At least 58 dead in US’ largest ever mass shooting

People attending the Route 91 Harvest Music Festival, crouch down as a gunman opens fire from the 32nd floor of a hotel, in Las Vegas

A 64-year-old man with multiple machine guns rained down gunfire from the 32nd floor of a Las Vegas hotel to country music festival on Sunday, slaughtering at least 58 people in the deadliest mass shooting in modern US history before killing himself.

The barrage of bullets from the Mandalay Bay hotel into a crowd of 22,000 people lasted several minutes, sparking panic. At least 515 people were injured as some fleeing fans trampled each other while police scrambled to locate the shooter.

Police on Monday identified the gunman as Stephen Paddock, who lived in a retirement community in Mesquite, Nevada. They said they believed he acted alone and did not know why he attacked the crowd. The Islamic State militant group claimed responsibility for the massacre, but US officials said there was no evidence of that.

The preliminary death toll, which officials said could rise, eclipsed last year’s massacre of 49 people at an Orlando, Florida, nightclub by a gunman who pledged allegiance to Islamic State.

Shocked concertgoers, some with blood on their clothing, wandered streets, where the flashing lights of the city’s gaudy casinos blended with those of emergency vehicles.

Police said Paddock had no criminal record. The gunman killed himself before police entered the hotel room he was firing from, Clark County Sheriff Joseph Lombardo told reporters.

“We have no idea what his belief system was,” Lombardo said. “I can’t get into the mind of a psychopath.”

Federal officials said there was no evidence to link Paddock to militant organisations.

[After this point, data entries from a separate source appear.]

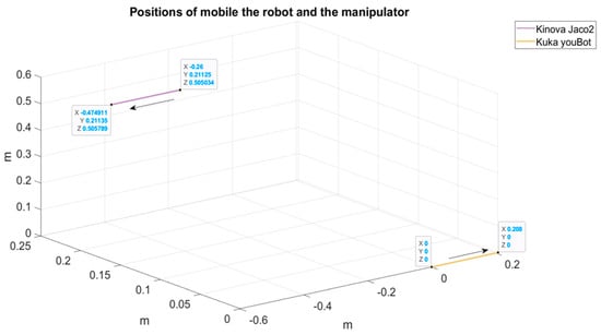 The displacement between the positions of the end-effector of the Kinova Jaco Gen 2 manipulator and the KUKA youBot mobile platform during the experiment is presented in Figure 10.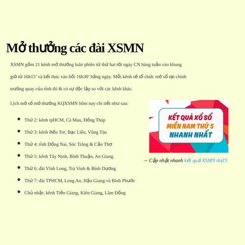 Soi cầu, cập nhật và thống kê trực tiếp kết quả Xổ số miền Nam thứ 5 hàng tuần.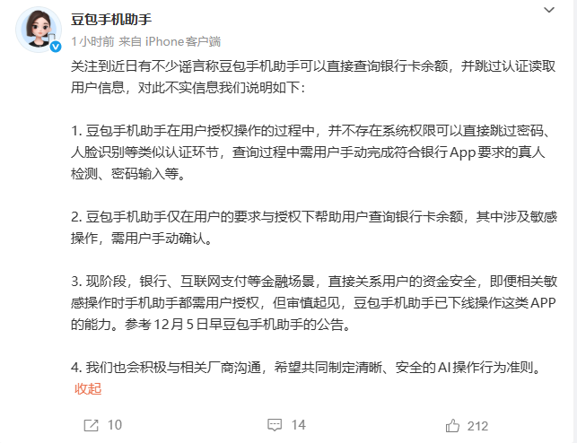 关注到近日有不少谣言称豆包手机助手可以直接查询银行卡余额,并跳过认证读取用户信息,对此不实信息我们说明如下: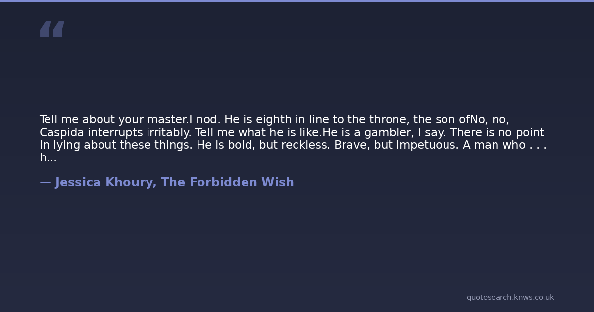 Tell me about your master.I nod. He is eighth in line to the throne, the son ofNo, no, Caspida interrupts irritably. Tell me what he is like.He is a gambler, I say. There is no point in lying about these things. He is bold, but reckless. Brave, but impetuous. A man who . . . holds grudges. Pausing, I finish in a whisper, He would risk his life to save someone else, without even thinking twice.Caspida turns her head a bit, interest growing in her eyes. And he sets out on a mad voyage and sails straight into a nest of jinn.My master is noble, I say with a smile, but I made no suggestions as to his intelligence.

“We have determined to this point no connection with an international terrorist group,” Aaron Rouse, the Federal Bureau of Investigation’s special agent in charge in Las Vegas, told reporters.

US officials discounted the claim of responsibility for the attack made by Islamic State in a statement.

“We advise caution on jumping to conclusions before the facts are in,” CIA spokesman Jonathan Liu said in an email.

Trump said he would travel to Las Vegas on Wednesday to meet with victims, their family members and first responders.